2. Seeing Julia - Katherine Owens
I found this author after she followed me on twitter and I saw that a couple of her books were for free on Amazon for a little while. I took the opportunity to get them on Kindle. I have the Kindle app on my phone and so I never have to worry about carrying the book around. So far it is really good. It started off with a bit a tragedy and I like that because you know the character can only go up from here. Also there is a love interest there already starting, and well, I'm a hopeless romantic and I love it. I'm excited to see what the rest of the book has to hold for me.
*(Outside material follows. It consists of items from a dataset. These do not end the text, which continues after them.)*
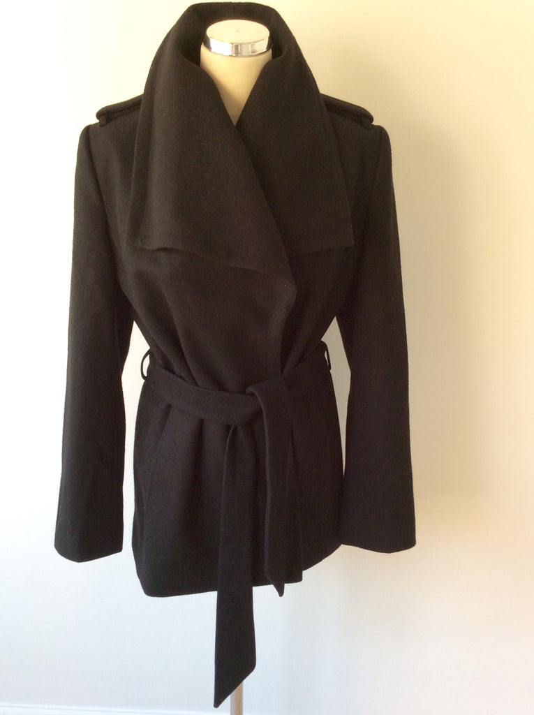 TED BAKER BLACK WOOL BLEND BELTED SHORT COAT SIZE 4 UK 12/14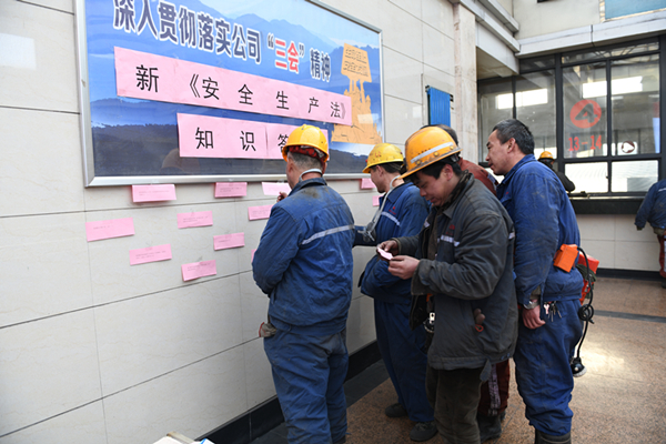 “通過(guò)開(kāi)展安全知識(shí)有獎(jiǎng)答題活動(dòng),讓干部職工從入井的第一步開(kāi)始,把安全裝進(jìn)心里,把企業(yè)的發(fā)展和家庭的幸??冈诩缟?,高高興興上班,平平安安回家?!痹摰V機(jī)電車間團(tuán)支部書記說(shuō)。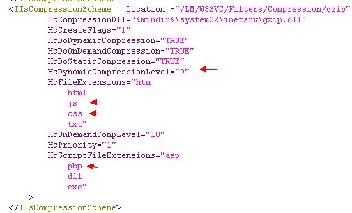 文件路徑:“c:\windows\system32\inetsrv\”(請(qǐng)先備份至他處),打開后搜索“HcDynamicCompressionLevel”,并修改(確定已備份)“Compression/deflate”和“Compression/gzip”兩個(gè)片段的內(nèi)容。下面的圖n圖b所修改的內(nèi)容用意是將js、css和php加入到壓縮的范疇,數(shù)字9代表壓縮等級(jí)。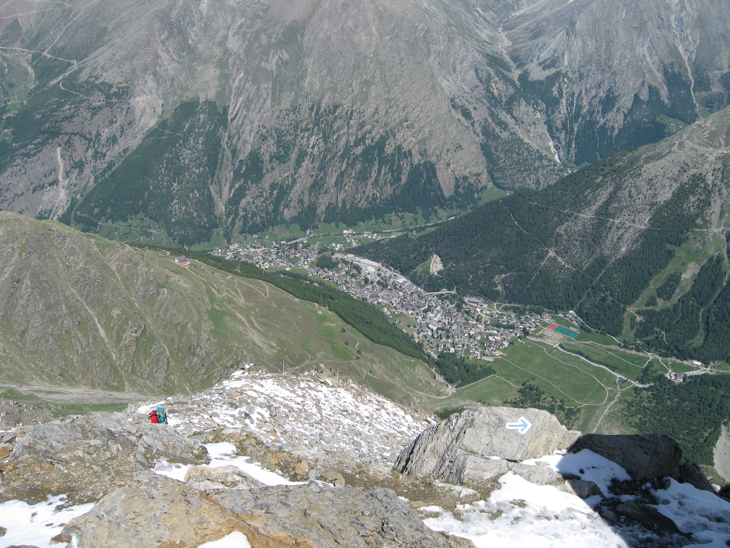Η Via Ferrata ξεκινά από τα 2600 μέτρα και φτάνει μέχρι και το καταφύγιο Mischabel 3340 μέτρα. Είναι η ευκολότερη διαδρομή προς το Nadelhorn, στο βάθος χαμηλά διακρίνεται το Saas Fee. |
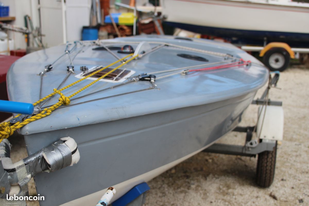 Coque plastique, mât métal, voile et remorque de mise à l’eau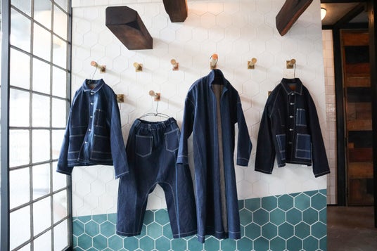 今回の作品は、デニムの産地広島県・福山市にて国産藍の栽培と藍染めに取り組む藍屋テロワール様と、高品質なデニムづくりに取り組む篠原テキスタイル様とともに創りました。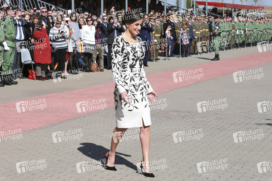 Königin Letizia von Spanien bei der Flaggenzeremonie der Fallschirmjägerbrigade Almogávares auf der Princip Base. Paracuellos de Jarama, 23.02.2019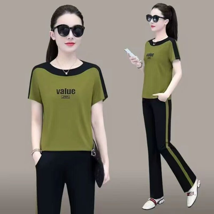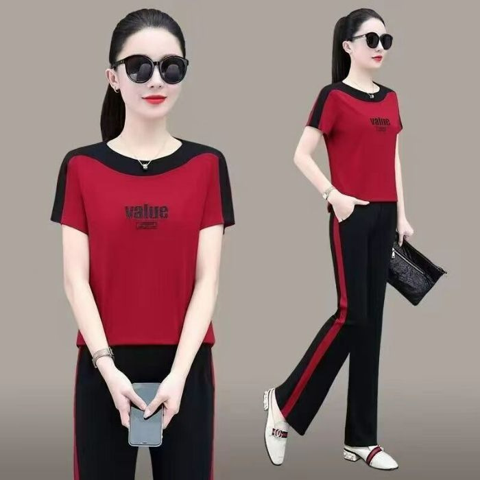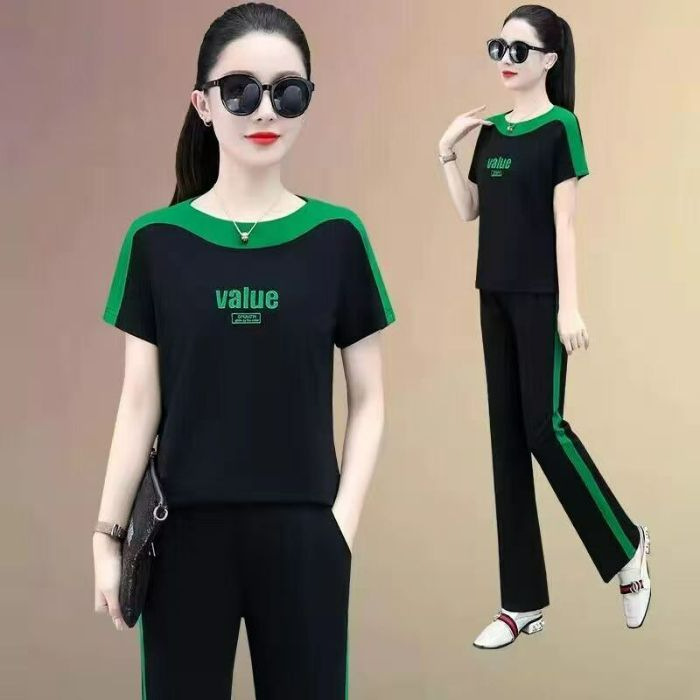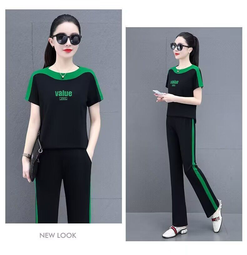 캐주얼 스포츠 세트 여성 2024 봄과 가을 새로운 슬리밍 웨스턴 스타일 간단한 옷깃 스웨트 셔츠 투피스 세트

3. Never Let Me Go - Kazuo Ishiguro
Now, a cousin of mine lent me this book and so far I don't know what to think of it. It is a bit confusing for me. I am sure that it will begin to make more sense as I read on. It was made into a movie, so it must be really good. I want to see the movie because I think it would make more sense, but I'm a stickler for reading a novel and then seeing the movie. I think this has to do with my critiquing the film industry and their continuous failures to make a movie remotely like the novel that inspired it. Also there would be no point to read a book after a watching the movie because it ruins the plot and therefore just destroys the purpose of reading.

Tuesday, December 4, 2012

It's a Dog Eat Dog World Out There

Alright, it is finals for the next two weeks and as most other college students who feel the classes they are taking are impossible, I have broken down already once and the week has just gotten started. My post may sound a little scatter brained, I'm giving you fair warning because that is the kind of brain I have at the moment. It really is awful, finals I mean. All you see are students who frantically panic and don't know what to do with themselves because there is so much material to cover. There are also no open study rooms and hardly anywhere to sit in the library.
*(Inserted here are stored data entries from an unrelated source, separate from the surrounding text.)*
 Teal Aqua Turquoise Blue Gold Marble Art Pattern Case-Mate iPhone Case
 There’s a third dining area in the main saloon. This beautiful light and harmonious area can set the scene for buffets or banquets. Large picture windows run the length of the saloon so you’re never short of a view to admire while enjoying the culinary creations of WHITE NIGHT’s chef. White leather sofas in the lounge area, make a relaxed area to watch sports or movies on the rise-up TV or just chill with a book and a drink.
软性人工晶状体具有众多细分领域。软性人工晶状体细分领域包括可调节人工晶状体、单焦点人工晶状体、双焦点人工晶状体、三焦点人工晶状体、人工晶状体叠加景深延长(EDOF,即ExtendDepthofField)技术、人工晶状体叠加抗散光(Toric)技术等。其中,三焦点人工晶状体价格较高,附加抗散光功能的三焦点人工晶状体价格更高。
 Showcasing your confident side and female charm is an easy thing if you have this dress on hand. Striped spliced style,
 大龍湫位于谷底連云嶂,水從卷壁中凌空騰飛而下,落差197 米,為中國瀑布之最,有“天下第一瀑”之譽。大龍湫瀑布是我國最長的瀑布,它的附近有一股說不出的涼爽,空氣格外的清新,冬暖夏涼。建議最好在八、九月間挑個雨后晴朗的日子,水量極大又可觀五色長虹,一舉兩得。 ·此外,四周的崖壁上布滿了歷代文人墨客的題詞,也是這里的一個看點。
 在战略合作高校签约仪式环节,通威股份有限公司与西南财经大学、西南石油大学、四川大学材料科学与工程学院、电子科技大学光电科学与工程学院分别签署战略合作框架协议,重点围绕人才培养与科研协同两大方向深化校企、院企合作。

Now, when I say that I don't like school people tend to think of it as if I am joking. In all honesty, I hate it and I don't understand why I want to be a teacher, but I do. Even my body rejects school. I always get sick the first week or two of the semester and throughout the rest I get headaches. The amount of stress that comes from midterms and finals also leaves me ill. It is just not fun for me.
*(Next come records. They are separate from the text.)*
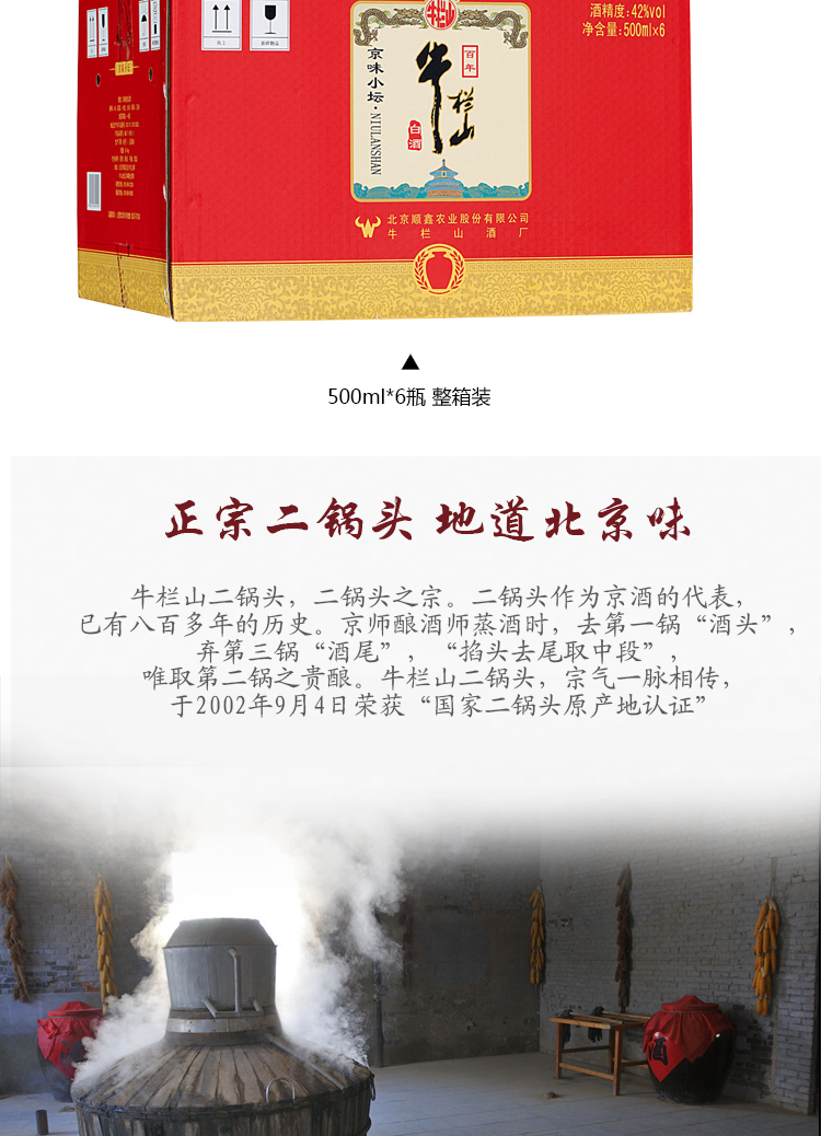 【推荐】牛栏山 百年 京味小坛(红) 42度 500ml6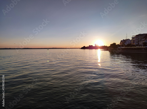 Naklejka premium Peaceful sunrise over a wide lake, soft reflections shimmering on the water.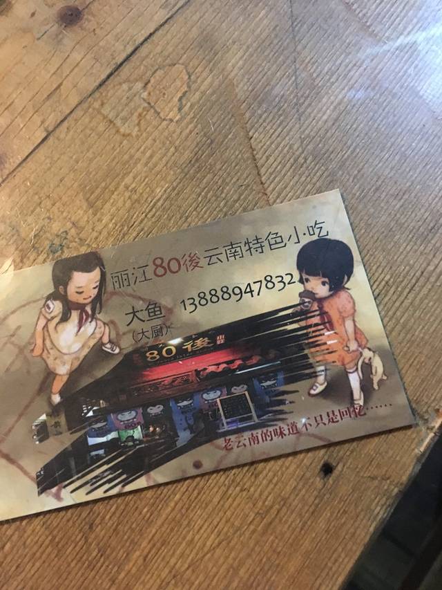 入住客栈后本打算跟着客栈吃饭的,一人30元,可是等到一点多还没开饭,实在等不了,我们还是到古城里吃,往南门方向走,到了一家叫“80后”的饭店(接下来多次光顾这家小店),吃了他们家的香肠(真心美味,料足),烤鸡蛋(份量偏小),打卤面(很香,就是口味偏重)还有蛋炒饭,好像是六十多块,不贵。
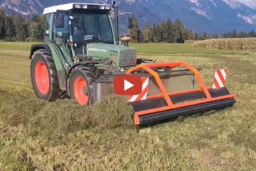 *Fendt 307e mit Eigenbau Pickup-Bandschwader – Der Bandschwader benötigt ca. 40l/min. Geschwadet wurde Heu vom 4. Schnitt. — Daniel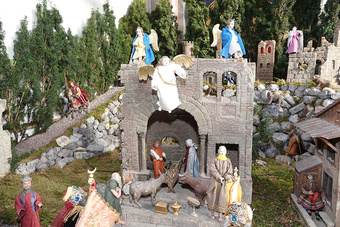 Die Gesamtszene der Neunkirchener Krippe zeigt nicht nur den Stall von Bethlehem, sondern auch Gebäudeteile der Stadt Jerusalem und aus Nazareth sowie Kana.

Any way, I realize that these past 2 paragraphs probably have nothing to do with the title, but bear with me I am getting there. Remember I said scatter brain. Ok, so teachers expect you to remember all of this information that they have thrown at you the entire semester and then some. You see things on the finals or on the review sheets that you have never covered before. Also if you are helping someone out, they expect you to do all the work for them. They knew what they were getting themselves into and they should have been better prepared. It is all about the people you surround yourself with as well. Don't tell me that you just need to look out for yourself at the end of the semester because that is complete crap.

I have a problem with letting people down and I don't like to get pressured by others. Especially with school. I have enough issues with that as it is and I don't need anymore. If I don't want to get better than a C in the class and that is ok with me, then don't let it be your job to try to get me to do more. I know that I can't get better than that because the numbers don't add up. You are just going to make me feel horrible about that grade and make me feel like I didn't reach your expectations.

I have learned long ago that life isn't handed to you on a silver platter. My expectations for reality are low so that when something good happens I am really happy with it and I appreciate it that much more. Also I only look out for myself and no one else, it is a dog eat dog world out there and there is no other way to be. I can be helpful but only to an extent. You know that when you meet me, don't sit and try and hope for more than that out of me.

Definitely changing the title of this post from People and Their Expectations to Its a Dog Eat Dog world out there because that makes more sense to me.